=== TASK ITEM ===
Could you retype exactly the line containing "Sofeeya - Hijab" and every line after it in the data below, leaving out the pictures?

=== SOURCE DATA ===
----
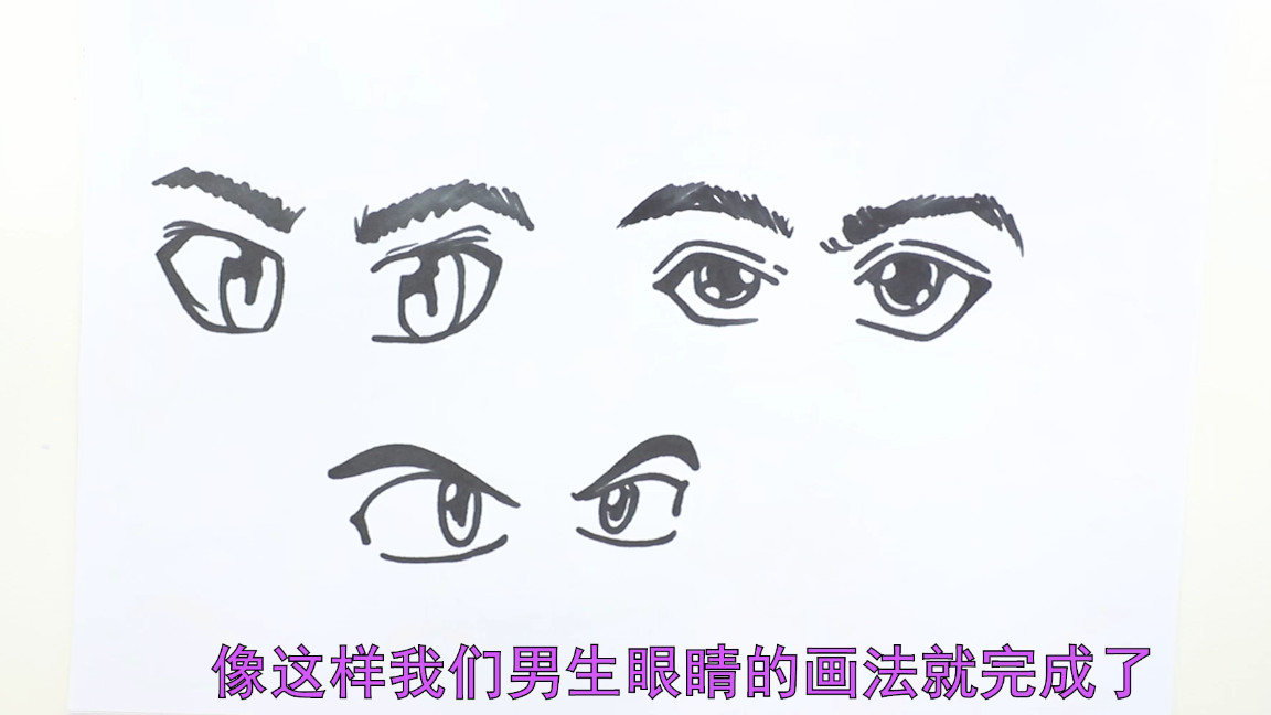 3、第三种男生的眼睛,瞳孔我们要画的圆一点,要给眼睛画上高光,画上眼皮。
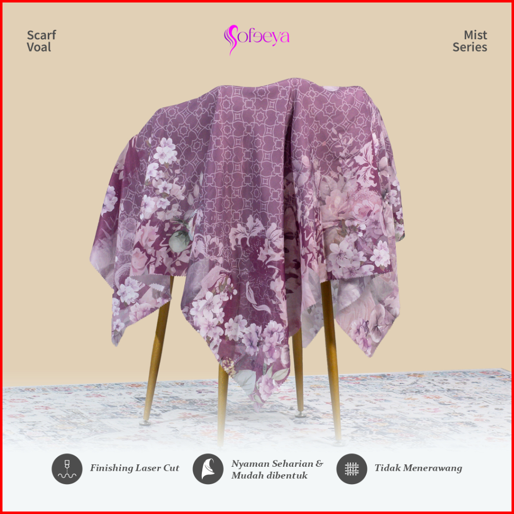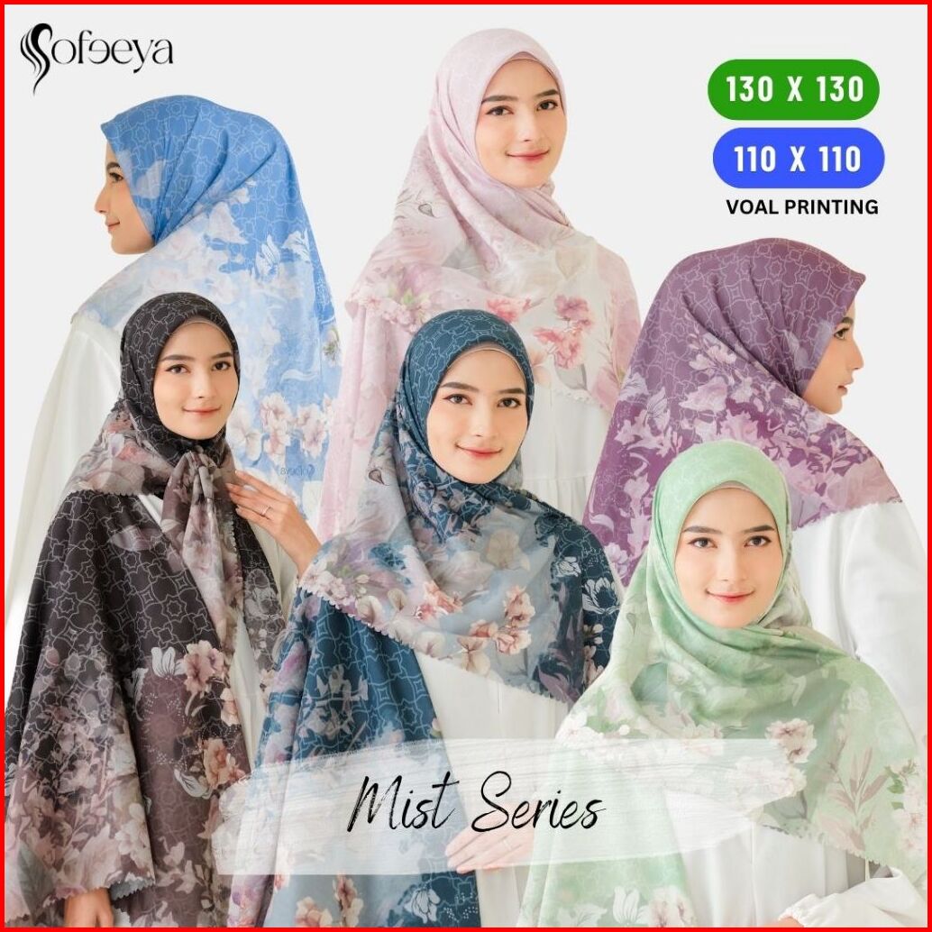 Sofeeya - Hijab Voal Motif Printing Mist Series Jilbab 110 X 110 Cm Dan Syari Jumbo 130 X 130 Cm Motif Bunga Untuk Kemba
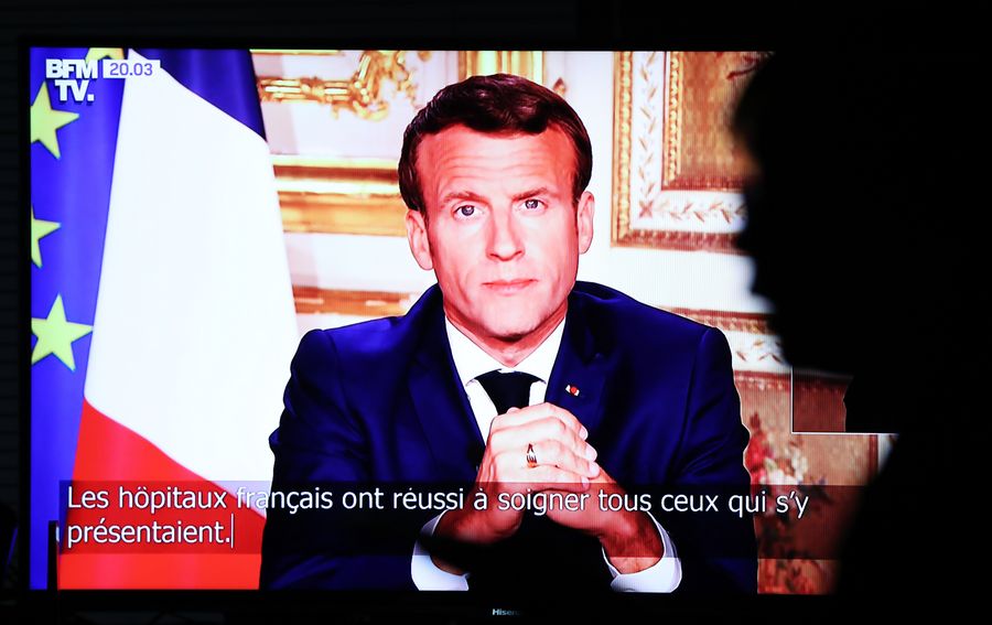 France would remain under a nationwide lockdown until May 11 to stem the spread of COVID-19 and reduce its impact on domestic health institutions, President Emmanuel Macron said on Monday evening. (Xinhua/Gao Jing)
----
=== TASK RESPONSE ===
 Sofeeya - Hijab Voal Motif Printing Mist Series Jilbab 110 X 110 Cm Dan Syari Jumbo 130 X 130 Cm Motif Bunga Untuk Kemba
 France would remain under a nationwide lockdown until May 11 to stem the spread of COVID-19 and reduce its impact on domestic health institutions, President Emmanuel Macron said on Monday evening. (Xinhua/Gao Jing)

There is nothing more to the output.